Assignment
What you give back from the listing below should be an exact copy of the lines from the one with "뉴스다 최광묵 기자 |" down to the one with "Extracción profesional de", and it should contain no pictures.

Extracted data

========================================

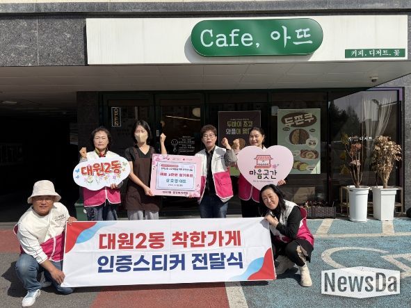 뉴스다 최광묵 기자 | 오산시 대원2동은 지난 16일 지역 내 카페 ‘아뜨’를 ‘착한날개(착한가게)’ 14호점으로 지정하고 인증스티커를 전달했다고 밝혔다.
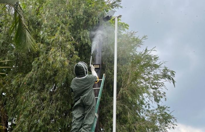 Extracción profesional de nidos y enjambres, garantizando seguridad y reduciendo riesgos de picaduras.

========================================

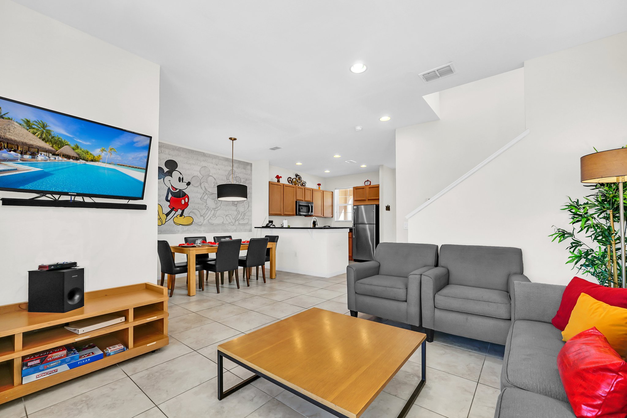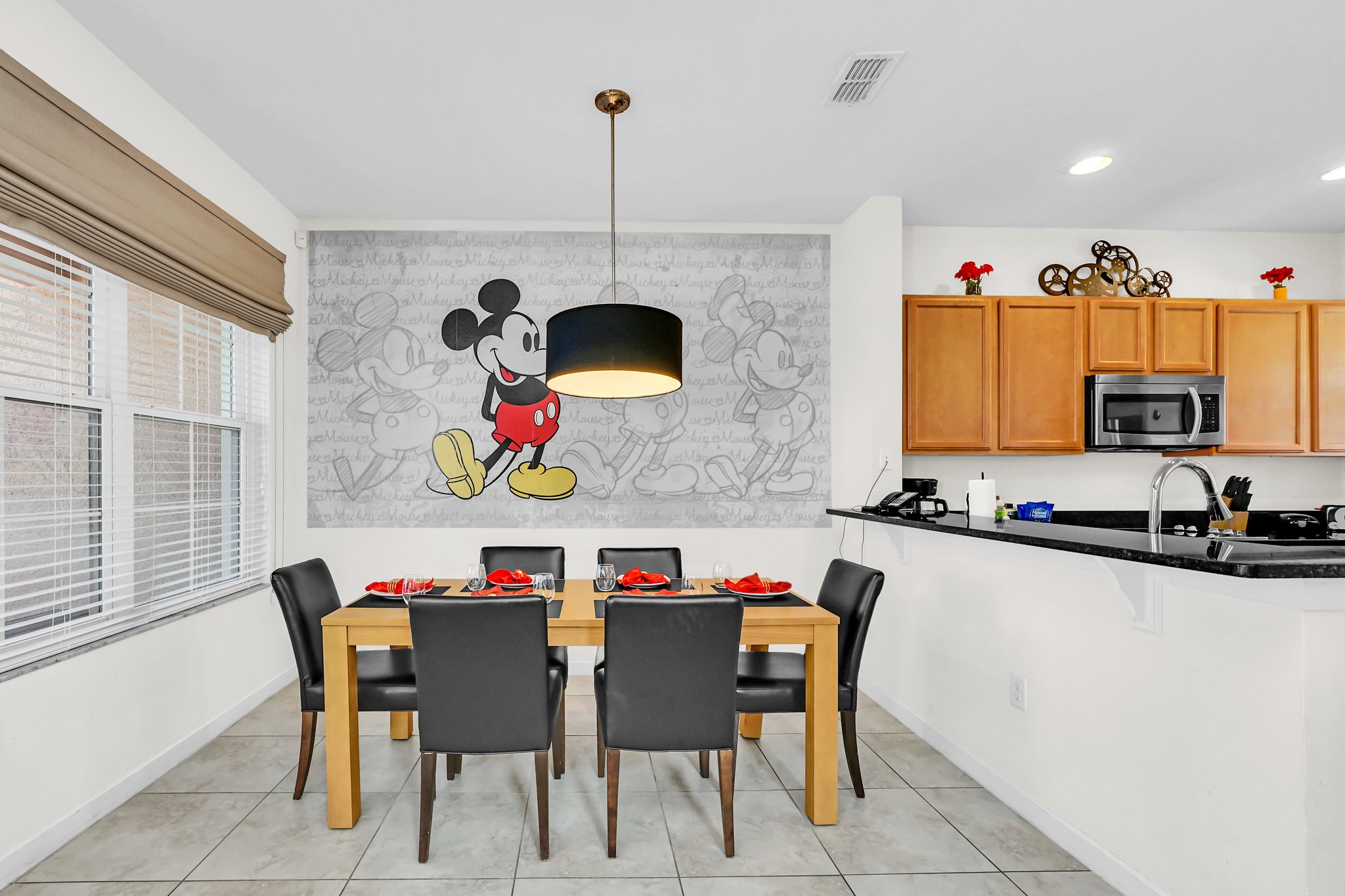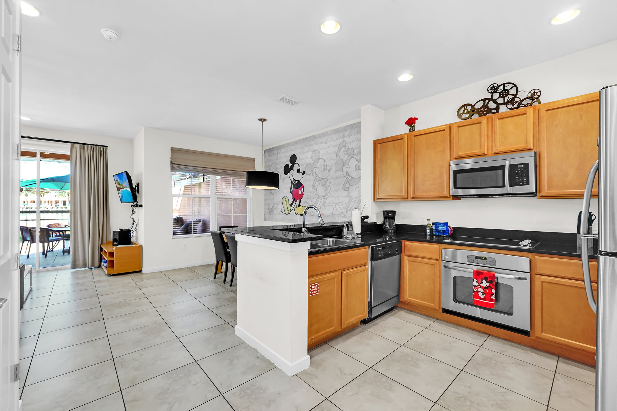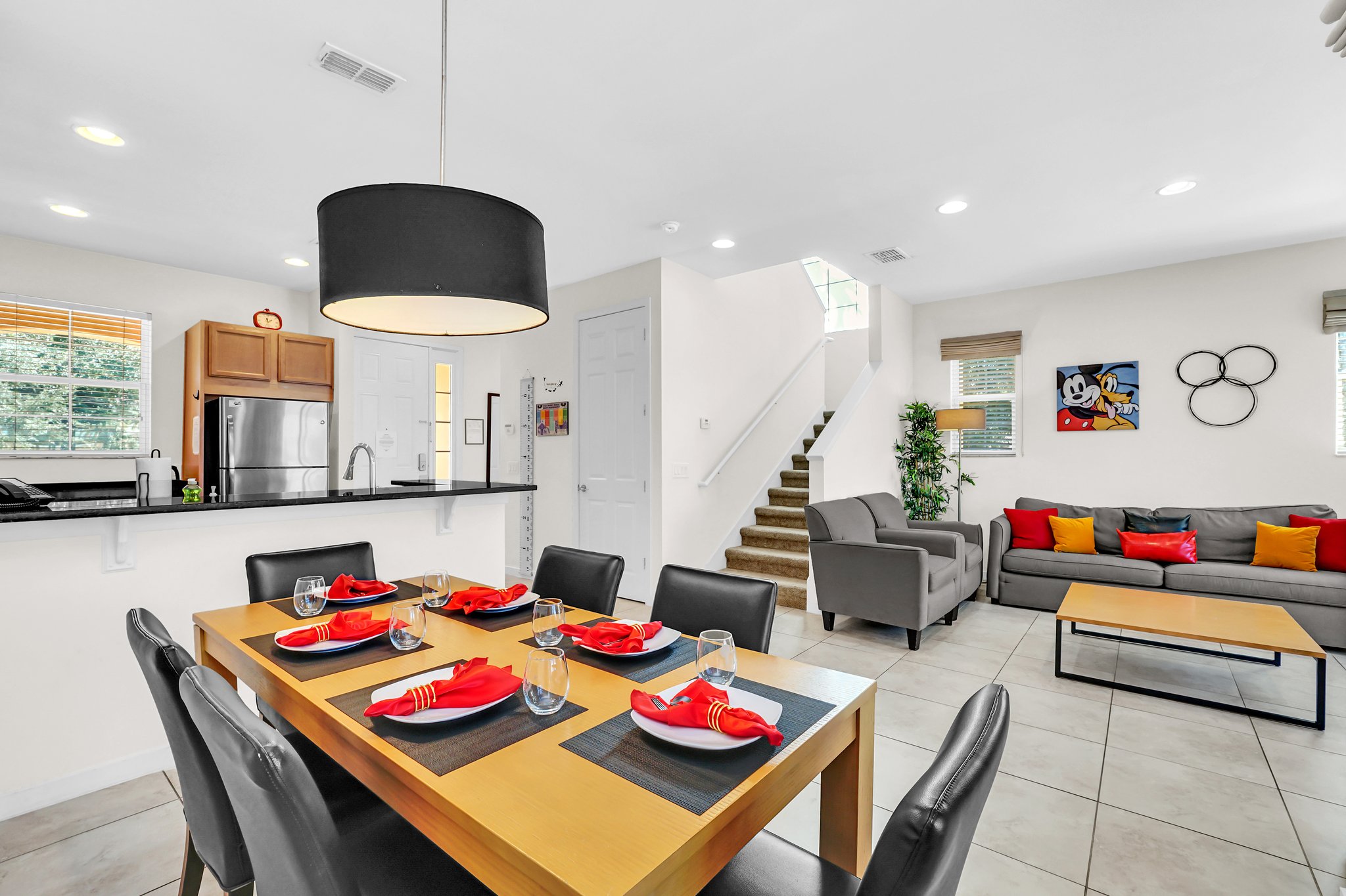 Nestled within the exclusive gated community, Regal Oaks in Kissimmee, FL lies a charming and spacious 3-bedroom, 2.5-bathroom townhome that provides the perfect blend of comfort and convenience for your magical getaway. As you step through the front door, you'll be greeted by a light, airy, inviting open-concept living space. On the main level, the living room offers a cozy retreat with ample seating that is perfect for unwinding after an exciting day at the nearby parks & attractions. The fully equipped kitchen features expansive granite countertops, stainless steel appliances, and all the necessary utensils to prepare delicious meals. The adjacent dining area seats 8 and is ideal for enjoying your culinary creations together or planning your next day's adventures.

========================================

Written reply
 뉴스다 최광묵 기자 | 오산시 대원2동은 지난 16일 지역 내 카페 ‘아뜨’를 ‘착한날개(착한가게)’ 14호점으로 지정하고 인증스티커를 전달했다고 밝혔다.
 Extracción profesional de nidos y enjambres, garantizando seguridad y reduciendo riesgos de picaduras.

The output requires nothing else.